Zamoran, (Balochi) زامُران also spelled Zamuran, is an area situated northwest of the Kech District of  Balochistan Province in Pakistan and southeast of the Sistan and Baluchistan Province in Iran. It was named after a leafy tree, the zamor, found in the area. Another possible origin of the name is from a combination of the two words zaa meaning abuse and miran meaning shall be killed or sacrificed. The meaning taken from that is that the people living in Zamoran would prefer to be killed rather than abused. The population and way of living is purely rural and tribal.

People are ethnically Baloch and speak Balochi. It has beautiful small valleys and springs and high mountains. The means of transportation was mainly donkeys and camels but in these days there are roads and people travel by cars and motorcycles.

In the 19th century the rulers nawabs applied taxes on animals and trees in Makran's different areas including Buleda but when it came to the people of Zamuran, they rejected payment of taxes which was unlawful. In 1901, Mir Mohammad Omer was ruling the Makran.

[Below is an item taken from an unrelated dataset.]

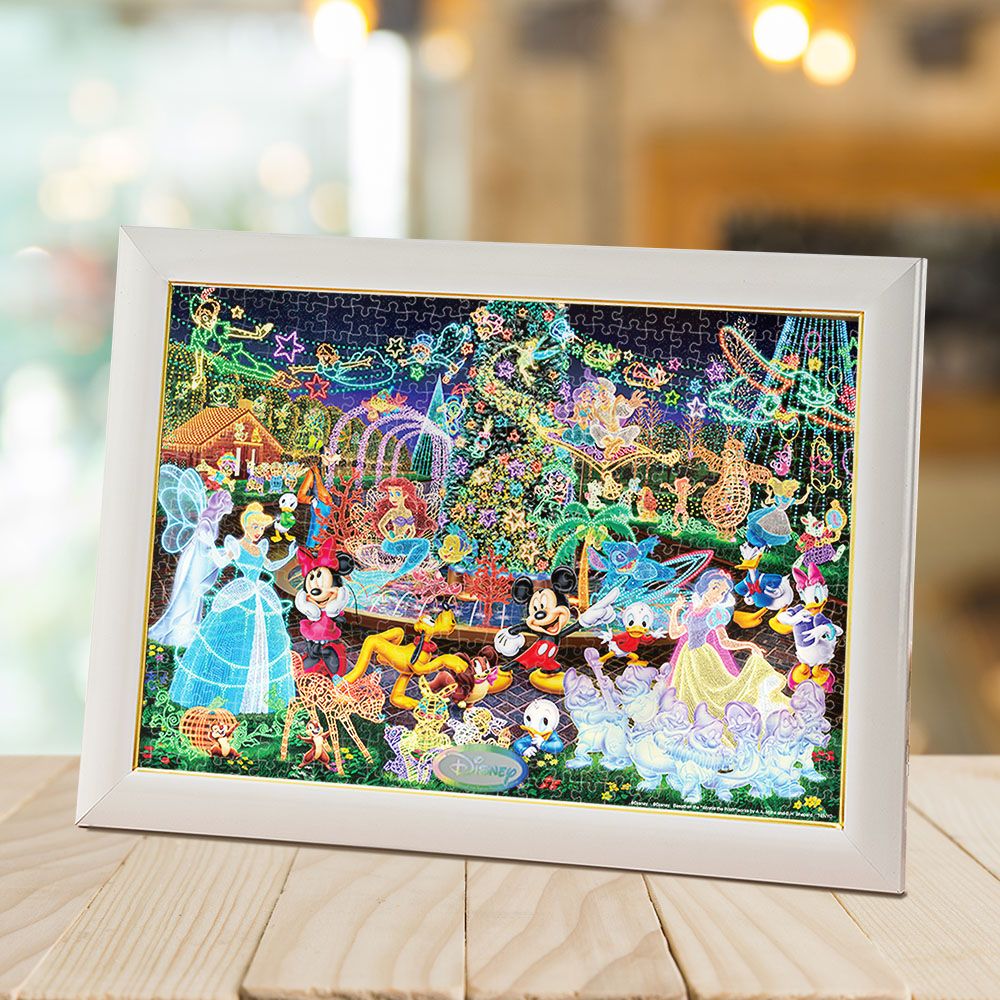 人気のディズニーキャラクター が、輝くイルミネーションとなって大集合!68のキャラクターが登場。映画にして18本に及ぶ光のアートをお楽しみください。ピースが透明!まるでステンドグラスのように、光を透して魅せる美しさと、ピタッとはまるフィット感が魅力の〈ステンドアート ジグソーパズル〉です!通常よりひと回り小さいぎゅっとサイズシリーズなので、コンパクトなスペースで本格的なジグソーパズルが楽しめます。パズル完成後は、別売の専用パネルに入れて飾れば、お部屋を彩るステキなインテリアに!

He decided to go to Zamuran and collect taxes with force but as he came to Zamuran, the people stood against him and after a fierce battle, he lost and ran away. 

The main tribes of Zamuran are Shambezai, Durrazai, Yallanzai, Palizai, Askani, Mohammed zai, Zahrozai, Mazrahi, Sanjarani, Taj Mohammed zai, Lehbarzai Rind and Kuhda. Zamuran is one of the biggest regions in the Kech dist of makuran (makran) division with 5 union councils (Badai, Nag, Marguti, Siyah Gisi & Darabuli) sharing boundaries with Parom in Panjgur District, Buleda, Tump, Mand, and some areas of Western Balochistan (Sistan Baluchistan) like Hong, Sarbaz, Hedouch, and Bam Pusht.